Guidelines for Adding Packages to an Advanced UI or Suite/Advanced UI Project

InstallShield 2019

Project • This information applies to the following project types:

Advanced UI
Suite/Advanced UI

Edition • The Advanced UI project type is available in the Professional edition of InstallShield. The Suite/Advanced UI project type is available in the Premier edition of InstallShield. For information about the differences between these two project types, see Advanced UI Projects vs. Suite/Advanced UI Projects.

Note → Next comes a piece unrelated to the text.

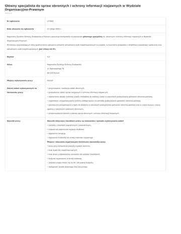 Główny specjalista do spraw obronnych i ochrony informacji niejawnych w Wydziale Organizacyjno-Prawnym 2016-02-11 Nr ogłoszenia 177693 Data ukazania się ogłoszenia 11 lutego 2016 r. Regionalny Dyrektor Ochrony Środowiska w Poznaniu poszukuje kandydatów na stanowisko głównego specjalisty ds. obronnych i ochrony informacji niejawnych w Wydziale Organizacyjno-Prawnym. W miesiącu poprzedzającym datę upublicznienia ogłoszenia wskaźnik zatrudnienia osób niepełnosprawnych w urzędzie, w rozumieniu przepisów o rehabilitacji zawodowej i społecznej oraz zatrudnianiu osób niepełnosprawnych, jest niższy niż 6%. Wymiar 0,2 Adres Regionalna Dyrekcja Ochrony Środowiska ul. Dąbrowskiego 79 60-529 Poznań Miejsce wykonywania pracy Poznań Zakres zadań wykonywanych na • przyjmowanie i realizacja zadań obronnych, stanowisku pracy • prowadzenie całości spraw związanych z ochroną informacji niejawnych, • zapewnienie obsady kadrowej urzędu niezbędnej do realizacji zadań w warunkach podwyższania gotowości obronnej państwa, • organizacja i przygotowywanie systemu stałego dyżuru na potrzeby podwyższania gotowości obronnej państwa, • planistyczne przygotowanie urzędu do działania w warunkach podwyższania gotowości obronnej państwa oraz w czasie kryzysu i wojny zgodnie z nałożonymi zadaniami obronnymi, • przeprowadzanie szkoleń z zakresu spraw obronnych i ochrony informacji niejawnych. Warunki pracy Warunki dotyczące charakteru pracy na stanowisku i sposobu wykonywania zadań • kontakty z klientami zewnętrznymi i wewnętrznymi, • krajowe lub zagraniczne wyjazdy służbowe, • zagrożenie korupcją, • zagrożenie kradzieżą lub utratą materiału niejawnego Miejsce i otoczenie organizacyjno-techniczne stanowiska pracy • praca przy komputerze powyżej 4 godzin dziennie, • brak toalet dla niepełnosprawnych, • brak drzwi o odpowiedniej szerokości dla wózków inwalidzkich, • budynek wyposażony w windę osobową, • siedziba urzędu mieści się na XII i XIII piętrze budynku, • dostępność światła dziennego oraz sztucznego. Wymagania związane ze stanowiskiem niezbędne pracy wykształcenie: wyższe doświadczenie zawodowe/staż pracy: 3 lata doświadczenia zawodowego w pracy związanej z ochroną informacji niejawnych, pozostałe wymagania niezbędne: • 5 lat doświadczenia zawodowego w pracy z zakresu spraw obronnych lub zarządzania kryzysowego, • przeszkolenie w zakresie ochrony informacji niejawnych przeprowadzone przez ABW lub SKW, dające uprawnienia do pełnienia funkcji Pełnomocnika ds. ochrony informacji niejawnych i posiadanie odpowiedniego poświadczenia bezpieczeństwa wydanego przez ABW lub SKW, • znajomość przepisów ustawy o powszechnym obowiązku obrony Rzeczypospolitej Polskiej wraz z aktami wykonawczymi, • znajomość przepisów ustawy o ochronie informacji niejawnych wraz z aktami wykonawczymi, • umiejętność pracy samodzielnej i w zespole, • komunikatywność, • zdolność analitycznego myślenia, • umiejętność trafnej oceny sytuacji, wiązania faktów i wyciągania wniosków, • umiejętność obsługi komputera (Windows, MS Office) wymagania dodatkowe • ukończony kurs kierowników lub pracowników kancelarii tajnej, • specjalistyczne szkolenie dla inspektorów bezpieczeństwa teleinformatycznego przeprowadzone przez ABW lub SKW, • umiejętność prowadzenia szkoleń, • asertywność,odpowiedzialność oraz kreatywność w działaniu, • 1 rok doświadczenia zawodowego w administracji rządowej. Wymagane dokumenty i oświadczenia • życiorys i list motywacyjny, • oświadczenie o wyrażeniu zgody na przetwarzanie danych osobowych do celów rekrutacji, • oświadczenie o korzystaniu z pełni praw publicznych, • oświadczenie o nieskazaniu prawomocnym wyrokiem za umyślne przestępstwo lub umyślne przestępstwo skarbowe, • kopie dokumentów potwierdzających wykształcenie, • kopia dokumentu potwierdzającego posiadanie polskiego obywatelstwa lub oświadczenie o posiadaniu obywatelstwa polskiego, • kopia poświadczenia bezpieczeństwa uprawniającego do dostępu do informacji niejawnych oznaczonych klauzulą "poufne" lub oświadczenie o wyrażeniu zgody na przeprowadzenie postępowania sprawdzającego zgodnie z ustawą z dnia 5 sierpnia 2010 r. o ochronie informacji niejawnych (Dz. U. Nr 182, poz. 1228 ze zm.), • kopie dokumentów potwierdzających doświadczenie zawodowe, • zaświadczenie potwierdzające odbycie przeszkolenia w zakresie ochrony informacji niejawnych dające uprawnienia do pełnienia funkcji Pełnomocnika ds. ochrony informacji niejawnych Inne dokumenty i oświadczenia • kopia dokumentu potwierdzającego niepełnosprawność - w przypadku kandydatek/kandydatów, zamierzających skorzystać z pierwszeństwa w zatrudnieniu w przypadku, gdy znajdą się w gronie najlepszych kandydatek/kandydatów Termin składania dokumentów 22 lutego 2016 r. Miejsce składania dokumentów Regionalna Dyrekcja Ochrony Środowiska ul. Dąbrowskiego 79 60-529 Poznań Inne informacje Na kopercie prosimy podać nr ogłoszenia. Oferty niespełniające wymagań formalnych oraz złożone po terminie nie będą rozpatrywane i zostaną komisyjnie zniszczone. Kandydaci zakwalifikowani do dalszych etapów rekrutacji zostaną powiadomieni telefonicznie bądź drogą elektroniczną. W przypadku dużej liczby kandydatów spełniających wymagania formalne komisja dokonuje analizy merytorycznej dokumentów aplikacyjnych i w wyniku preselekcji wyłania kandydatów najbardziej odpowiadających wymaganiom określonym dla danego stanowiska pracy, do kolejnych etapów naboru. Do udziału w naborze zachęcamy również osoby niepełnosprawne. Prosimy o składanie dokumentów w języku polskim. Nasz urząd jest pracodawcą równych szans i wszystkie aplikacje są rozważane z równą uwagą bez względu na płeć, wiek, niepełnosprawność, rasę, narodowość, przekonania politycz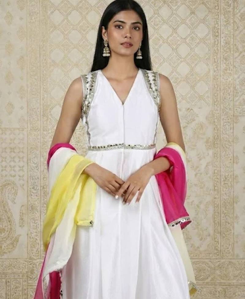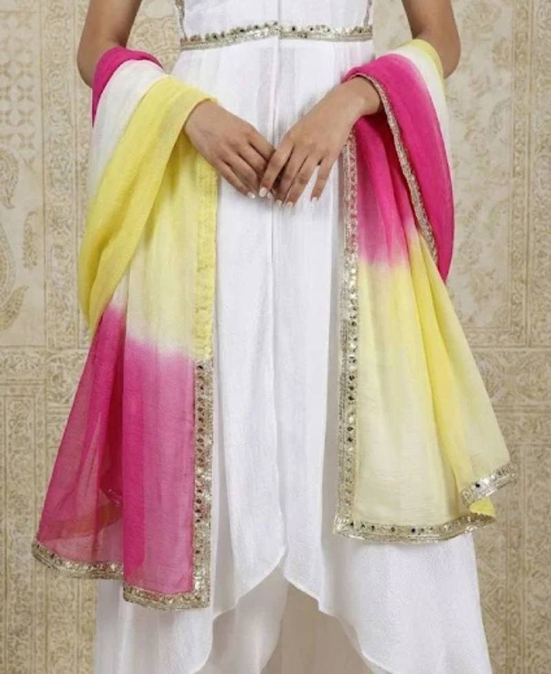 A Stunning Visual Impact With This Pristine White Dhoti Set Featuring A Sleeveless High Low Kurta Adorned With Shimmering Mirror Work Borders. The Chic Ensemble Is Paired With Comfortable Dhoti Pants And Elevated By A Vibrant Pink And Yellow Dual Tone Dupatta, Adding A Playful Pop Of Color To The Monochromatic Look.

File Format Recommendations

The recommended file format for a package in an Advanced UI or Suite/Advanced UI project is one that does not include a bootstrap application or setup launcher (Setup.exe). The following package types are recommended for Advanced UI and Suite/Advanced UI projects:

.msi package
.msp patch
InstallScript package—The package must be an uncompressed InstallScript installation that is built in InstallShield 2012 Spring or later.

To learn more about use of these types of packages in an Advanced UI or Suite/Advanced UI project, see the following:

Adding an .msi Package, an .msp Patch, or a Transaction to an Advanced UI or Suite/Advanced UI Project
Adding an InstallScript Package to an Advanced UI or Suite/Advanced UI Project

Suite/Advanced UI installations also have support for deploying Web Deploy packages (.zip) to IIS Web servers and the cloud. For more details, see Adding a Web Deploy Package to a Suite/Advanced UI Project.

In addition, InstallShield includes support for adding sideloading Windows App packages (.appx) to Suite/Advanced UI projects. Sideloading an app is the process of installing an app without obtaining it through the Windows Store. For more information, see Adding a Sideloading Windows App Package (.appx) to a Suite/Advanced UI Project. Because Windows App packages are supported in limited scenarios, these packages are typically used in concert with a more common installation format, such as an .msi package.

InstallShield also enables you to add executable packages (.exe) to a Suite/Advanced UI project. Examples include:

Setup launcher executable file that was built in InstallShield for a Windows Installer–based installation
Setup launcher executable file that was built in InstallShield for a Windows Installer–based patch
Setup launcher file for an InstallScript installation (This includes InstallScript installations that were built in InstallShield 2012 or earlier, as well as compressed InstallScript installations.)
Setup launcher executable file that was built in a tool other than InstallShield

The .msi, .msp, and InstallScript packages are preferred to the setup launcher executable file formats for various reasons:

The wizard interface of the Advanced UI and Suite/Advanced UI setup launcher can show the incremental progress of the recommended file formats as they are being run on target systems, but not of the executable packages.
When you add one of the recommended file formats as a package to an Advanced UI or Suite/Advanced UI project, InstallShield automatically adds an appropriate eligibility condition that prevents the Advanced UI or Suite/Advanced UI installation from allowing an earlier version of a package to install over a later version. If you add an executable package to your Suite/Advanced UI project, you must manually define an eligibility condition that prevents such downgrades.
If you add one of the recommended file formats as a package to an Advanced UI or Suite/Advanced UI project, you are not required to define for that package a detection condition that evaluates whether the package is already installed on target systems, since the Advanced UI or Suite/Advanced UI installation blocks this scenario from occurring. If you add an executable package to your Suite/Advanced UI project, you must manually define that sort of detection condition for the package.
The Advanced UI or Suite/Advanced UI setup launcher automatically suppresses the user interface of the recommended file formats, in favor of the wizard interface of the Advanced UI or Suite/Advanced UI installation. If your project includes an executable package, you must manually suppress its user interface and have the Advanced UI or Suite/Advanced UI installation launch it silently. Otherwise, at run time, the installation shows the Advanced UI or Suite/Advanced UI user interface and the separate user interface of the .exe package, presenting two disparate user interfaces.Adding an .msi Package, an .msp Patch, or a Transaction to an Advanced UI or Suite/Advanced UI Project

For more information, see Adding an Executable Package (.exe) to a Suite/Advanced UI Project.

Media Type Requirements

An Advanced UI or Suite/Advanced UI installation cannot install a package that spans multiple disks (for example, CDs or DVDs). It also cannot install a multiple-disk package from a fixed disk such as a network. Therefore, any package (.msi package, .msp package, InstallScript package, .exe package, Web Deploy package, or Windows App package (.appx) that you include in an Advanced UI or Suite/Advanced UI project must be a single-disk removable media type, a network image media type, or a Web media type.